Şâzeliyye
Ebü’l-Hasan eş-Şâzelî’ye (ö. 656/1258) nisbet edilen tarîkat


Şâzeliyye tarîkatinin kurucusu olan Ebü’l-Hasan eş-Şâzelî, mürşidinin emriyle 620 yılında Şâzile beldesindeki bir dağda, mağarada inzivaya çekilmiştir. Kendisi bu beldeye nispetle Şâzelî diye tanınmıştır. Tunus’ta başlayan irşat faaliyetlerine devam ettiği İskenderiye şehri, zaman içinde Şâzeliyye’nin bütün dünyaya yayıldığı merkez konumuna gelmiştir. Suriye başta olmak üzere Arap dünyasından Hint alt kıtasına, Malezya ve Endonezya’dan Afrika’ya, Amerika’dan birçok Avrupa ülkesine kadar yayılmıştır. Şâzeliyye 100’ün üzerindeki alt koluyla İslâm dünyasında en yaygın tarîkatlerden biridir.
Anadolu’nun Şâzeliyye’yle tanışması, XVI. yüzyılın başlarında, Meymûniyye kolunun kurucusu Ali b. Meymûn vesilesiyle gerçekleşmiştir. 1786 yılında Silâhdar Abdullah Ağa tarafından yaptırılan Alibeyköy Şâzelî Dergâhı ise İstanbul’da açılan ilk Şâzelî zâviyesidir.
Şâzeliyye mârifet kavramına güçlü vurgu yapan bir tasavvuf yoludur. Mârifetullah konusu gerek Şeyh Şâzelî’nin hizb, dua ve vecizelerinde gerekse sonraki Şâzelî şeyhlerinin eserlerinde önemli bir yer tutar. Mârifet sahibi olmak Şâzelî yolunun dervişlerinin temel amacıdır.
Dünya nimetlerinden sıkı sıkıya kaçınan bir zühd anlayışı yerine Şâzeliyye’de, dünya nimetlerini bağışlayana şükür ifade eden bir tutum sergilenmektedir.

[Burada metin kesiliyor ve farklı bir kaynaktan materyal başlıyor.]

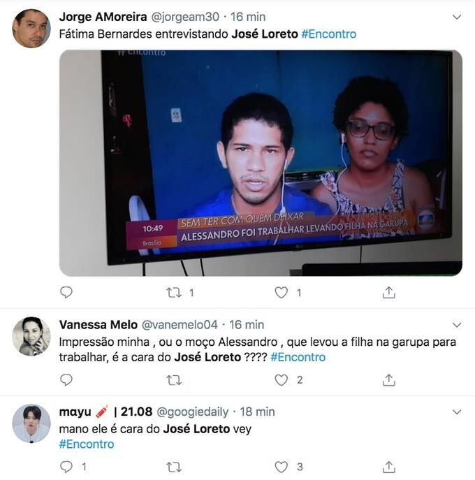 “José Loreto tá no Encontro”, comentou um. “Impressão minha , ou o moço Alessandro , que levou a filha na garupa para trabalhar, é a cara do José Loreto ??”, escreveu outra pessoa.

Şâzeliyye tarîkatinde zikir cehrî olup kuûdî ve kıyâmî olarak yapılır. Haftada bir, perşembe ya da cuma günü gerçekleştirilen ve çoğunlukla “meclis” adı verilen âyinlerde, halka şeklinde veya karşılıklı saf şeklinde oturulur. Şâzelî meşâyihinden birine ait dîvandan okunan ve “semâ” diye adlandırılan kaside ve şügūllerin genellikle tevhid ile salavat içeren nakarat kısımlarına bütün müritler katılır.
Şeyh Şâzelî geride herhangi bir kitap bırakmamış, ancak en meşhurları Ḥizbü’l-baḥr olan çok sayıda hizb ve dua metni tertip etmiştir. Şâzelî’nin tasavvuf anlayışına paralel halde mutlak kulluğun gerçekleştirilmesi, tam bir teslimiyet, mânevî sırların talebi, samimi bir boyun eğiş ve tevazuun ifadesi olan bu hizipler, tarîkat mensupları nezdinde büyük değer taşımaktadır.

Ken’ân Rifâî’nin sülûk yaptırmaya icâzetli bulunduğu tarîkatlerden biri de Şâzeliyye’dir. Teberrüken aldığı Şâzelî icâzetinin kaynağı Bursalı bir Şâzelî şeyhidir. Rüyasında Şâzelî Hazretleri’ni gören şeyh, onun emri üzerine bu icâzeti Ken’ân Rifâî Hazretleri’ne vermiştir. Bu rüyaya sebep olan hadiseyi de Nazlı Hanımefendinin hatıra defterinden nakledelim: “Bursa’da idik. Efendimiz, ‘Taşıp can Bahri attı taşra beni’ manzumesini henüz bestelemişlerdi. İlk defa Valide Sultanımıza bu ilâhîyi beste ile söylüyorlardı. Bu sırada müthiş gürültülerle yakınımızda olan Nilüfer Çayı taştı. O kadar coştu ki ne kayalar ne köprüler ne ağaçlar kaldı. Çay, ne bulursa götürüyordu. Yalıların temelleri yıkılmaya başladı. Her tarafta fezeyânı ilân için silahlar atıldı. Herkes birbirine girdi. Nihayet Valide Sultanımız 'Oğlum, şuna bir şey söyle, memleketi harap edecek.' buyurdular. Bunun üzerine o koca çay birdenbire sakin oldu.”